Jan_flights <- Jan_flights %>% mutate(LateDepartureMin = ifelse(DepDelayMinutes > 0, DepDelayMinutes, 0))
JflightsL <- Jan_flights %>% group_by(Carrier) %>% summarise(LateDepartureMin = sum(LateDepartureMin))
January_Flights <- inner_join(Jflights3, JflightsL, by = "Carrier")
January_Flights <- mutate(January_Flights, NetDeptMin = EarlyDepartureMinTotal - LateDepartureMin)
January_Flights <- mutate(January_Flights, AvgDeptMin = NetDeptMin / NumberofFlights)
kable(January_Flights)
Carrier EarlyDepartureMinTotal NumberofFlights AvgEarlyDep LateDepartureMin NetDeptMin AvgDeptMin
AA 439700 69775 6.301684 616742 -177042 -2.537327
AS 140312 13057 10.746113 73166 67146 5.142529
B6 463897 20071 23.112800 285716 178181 8.877535
DL 381196 66069 5.769665 555333 -174137 -2.635684
EV 216157 39737 5.439691 371287 -155130 -3.903918
F9 113133 6633 17.056083 61384 51749 7.801749
HA 27324 6162 4.434275 14480 12844 2.084388
NK 153449 9865 15.554891 144865 8584 0.870147
OO 296924 45588 6.513205 572708 -275784 -6.049487
UA 281197 36244 7.758443 392826 -111629 -3.079931
VX 30820 4874 6.323348 69189 -38369 -7.872179
WN 238259 99051 2.405417 784851 -546592 -5.518289

As we can see from the table, flights associated with Carrier B6 left an average of almost 9min early.

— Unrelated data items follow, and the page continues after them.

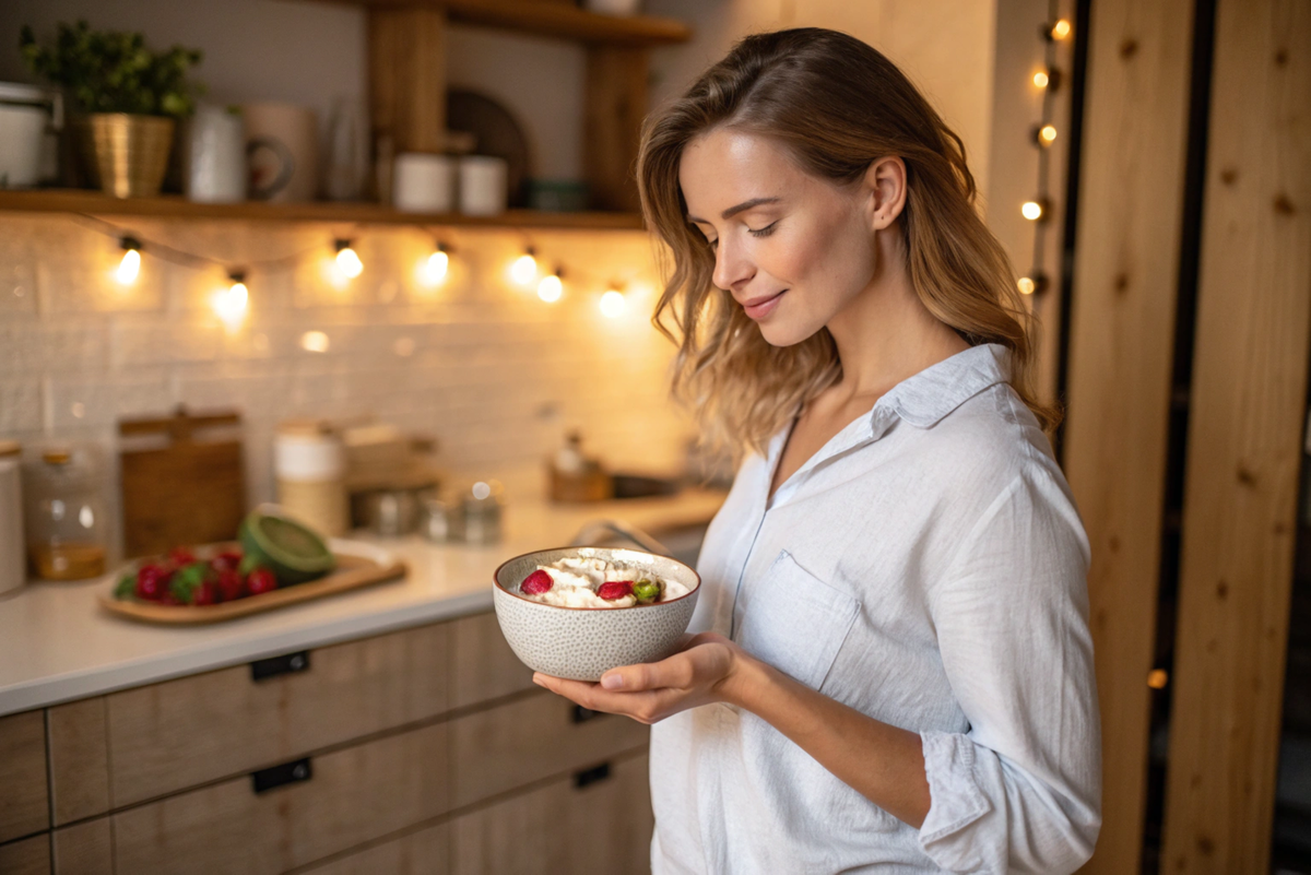Обезжиренный вариант подходит для тех, кто следит за фигурой, а творог с жирностью от 5 до 9% рекомендуется тем, кто хочет поддерживать мышечную массу и здоровье костей.
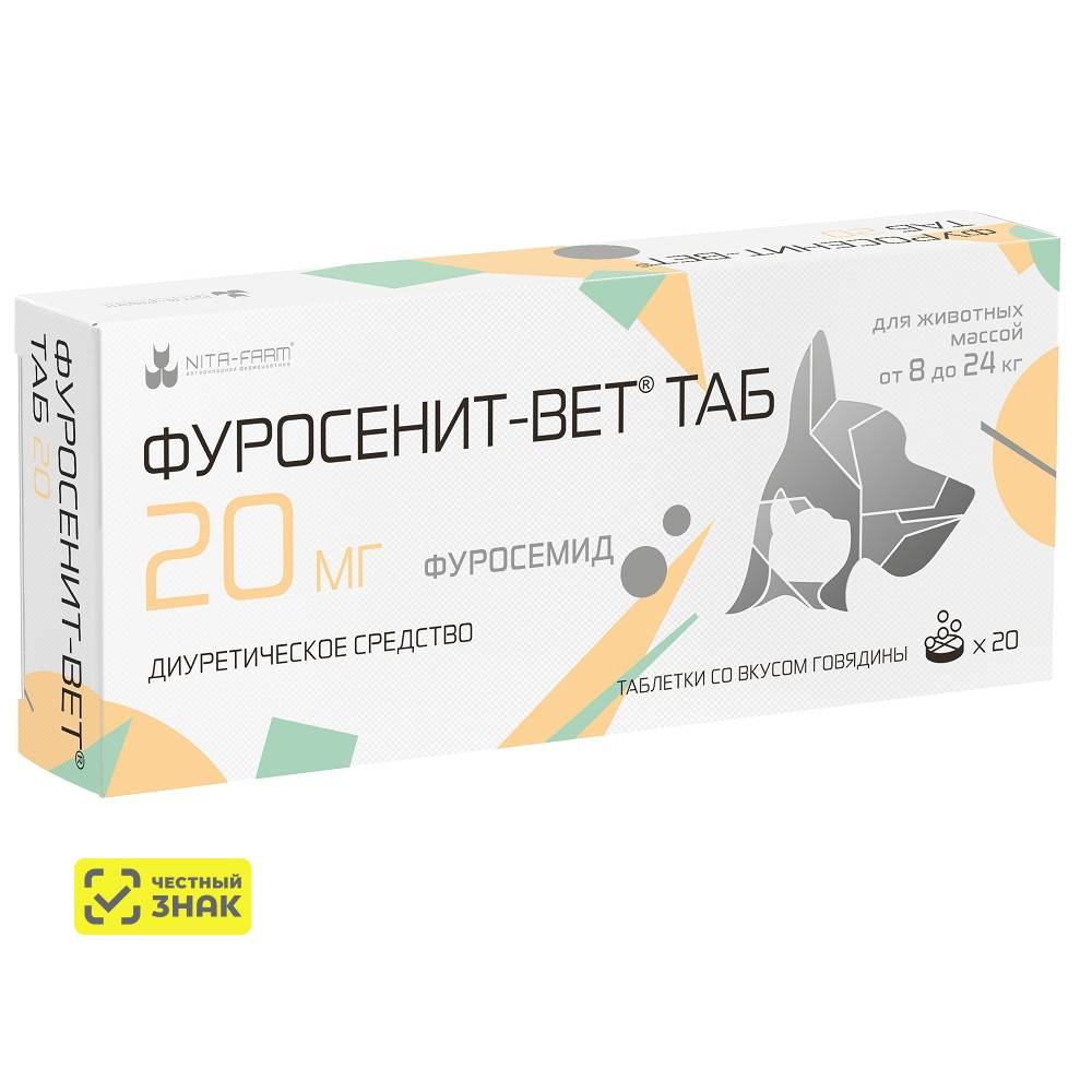 Фуросенит-вет® ТАБ 20 мг содержит в 1 таблетке фуросемида 20 мг.
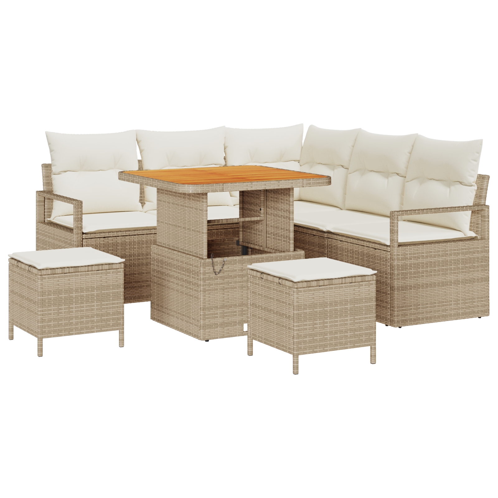 Set de canapele pentru grădină cu pernă 8 pcs Bej Rattan poli
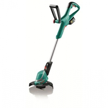 The bigger and more complex your garden is, the more you have to work to maintain the lawn edges along paths, walls, trees and flower beds. Bosch has a complete range of corded and cordless grass trimmers for this. In addition to a lawnmower, many gardeners use a grass trimmer. It offers the advantage of being able to flexibly access hard-to-reach areas and precisely cut the lawn edges in those areas. A grass trimmer helps you to save a lot of time and strength when working in the garden. Bosch grass trimmers impress with their ergonomic design and easy handling. Their telescopic handle is height-adjustable, which makes them comfortable to use. The perfectly balanced trimmer can efficiently cut grass even up to a height of 15 centimetres. Trimming is made much easier by the rotatable cutting head. The flexible possibility to tilt the trimmer shaft helps you when cutting grass under benches or bushes. The high-quality garden tools from Bosch combine the best comfort with full power. The ART26-18LI comes complete with Durablade blade, charger for lithium-ion batteries (1.5 h) and 18 V/1.5 Ah lithium-ion battery.
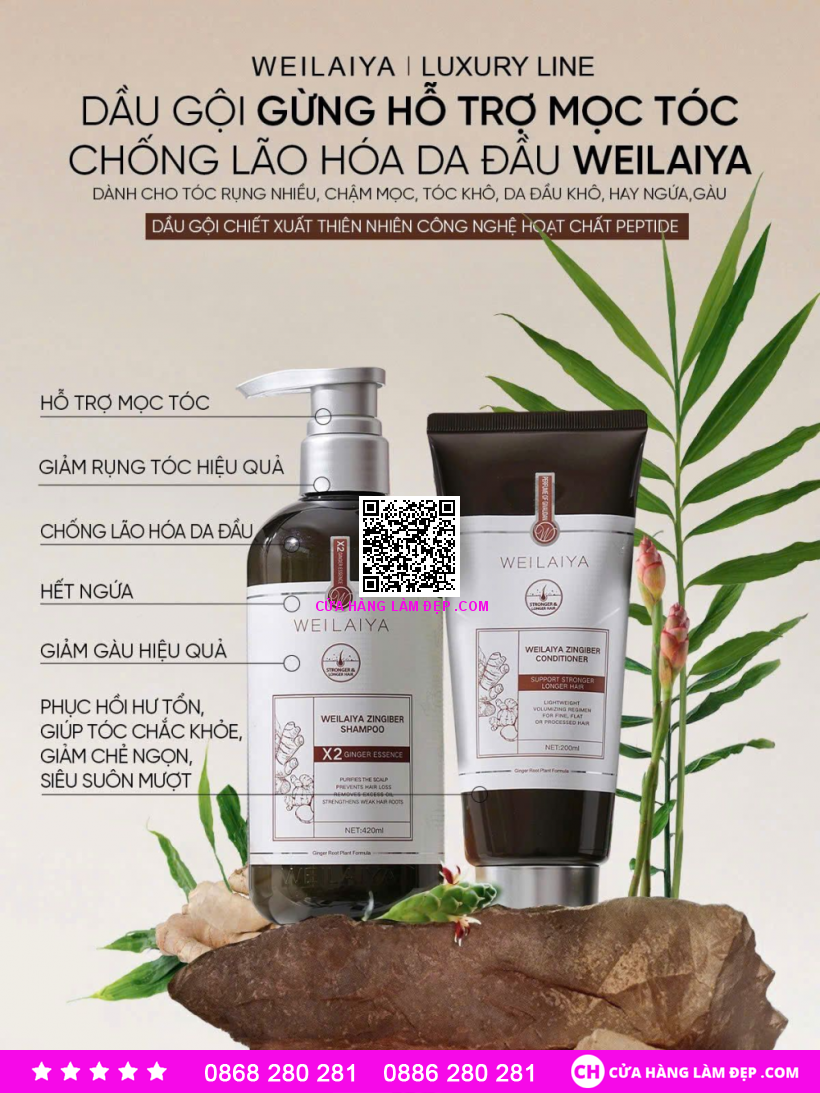 Giới thiệu Bộ Dầu Gội Gừng Hỗ Trợ Mọc Tóc Và Hỗ Trợ Ngừa Lão Hóa Da Đầu Weilaiya Zingiber Luxury:
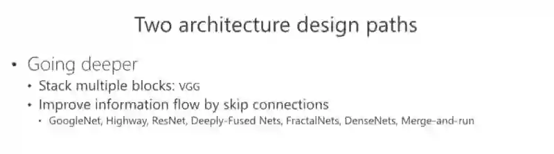 同一年,微软的同事发明了一个网络,叫“ResNet”,这个网络跟 Highway 在某种意义上很相像,相像在什么地方?它同样用了 Skip Connection,从某一层的 output 直接跳到后面层的 output 去。这个跟 Highway 相比,它把 gate function 扔掉了,原因在于在训练非常深的网络里 gate 不是一个特别好的东西。通过这个设计,它可以把 100 多层的网络训练得非常好。后来发现,通过这招 1000 层的网络也可以训练得非常好,非常了不起。
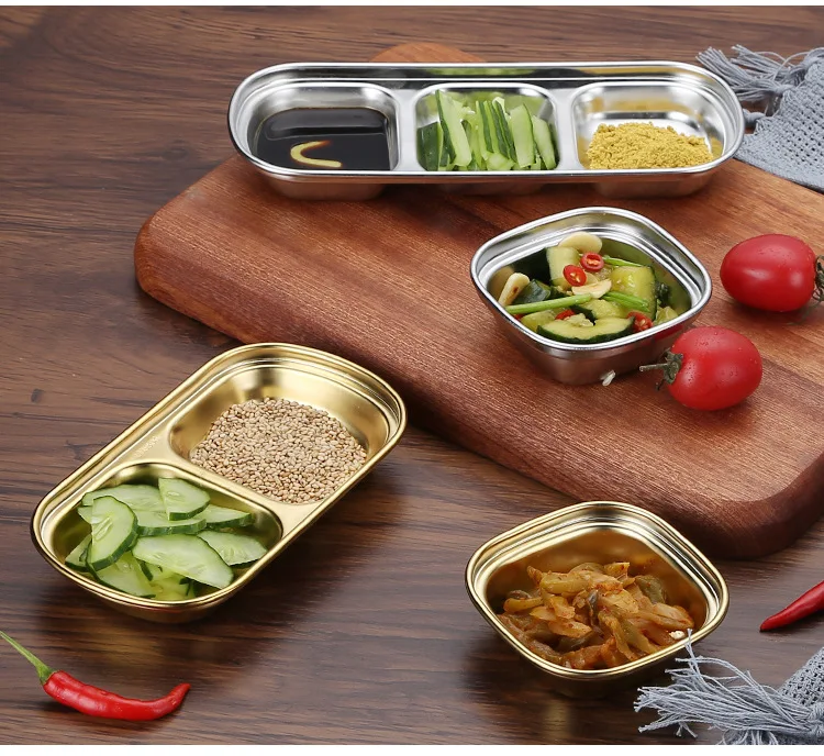 304 Stainless Steel Three Grid Dipping Plate Seasoning Sauce Plate Barbecue Restaurant Tableware Small Seasoning Plate
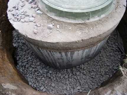 Достигая отметки соединительной трубы, жидкая часть переливается во второй колодец. Второй колодец имеет дренированное дно (отсутствует бетонная плита в днище — вместо нее щебеночная подушка).
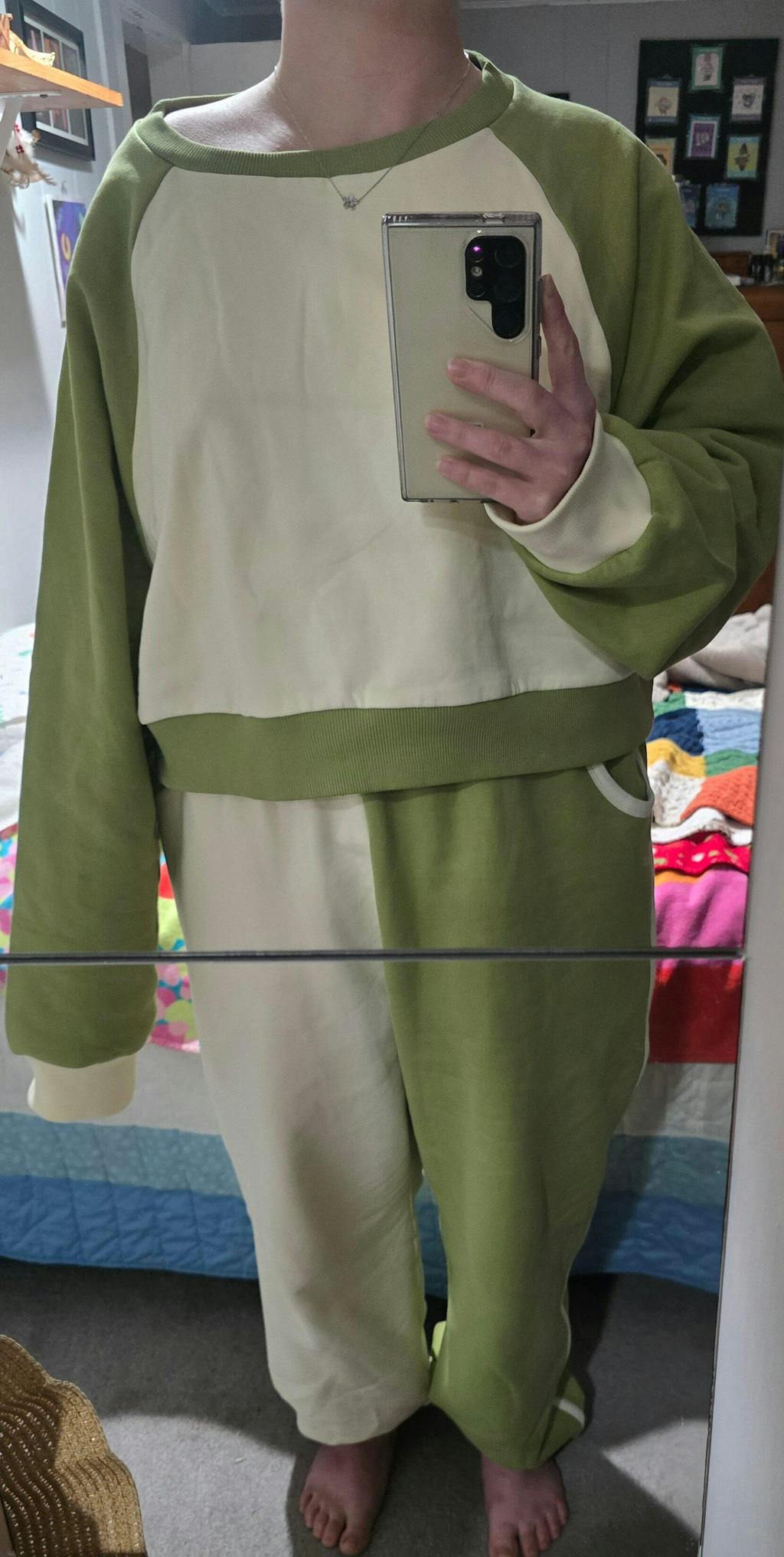 This color blocked sweater features a warm white torso and ribbed cuffs, while the sleeves and ribbed neckline and bottom hem are a warm, mossy green that perfectly resembles a delicious matcha latte.

Once again, it has proven to be the most favorable airline to fly in terms of timeliness. Based on this information, if you desire to be on a flight that leaves earlier than expected, your best bet is to fly using Carrier B6. There is no way to guarantee an earlier flight departure, but your chances would be greater with Carrier B6.

Conclusion

Based on the analyses performed, if timeliness is important to you when traveling by airplane, Carrier B6 is the way to go!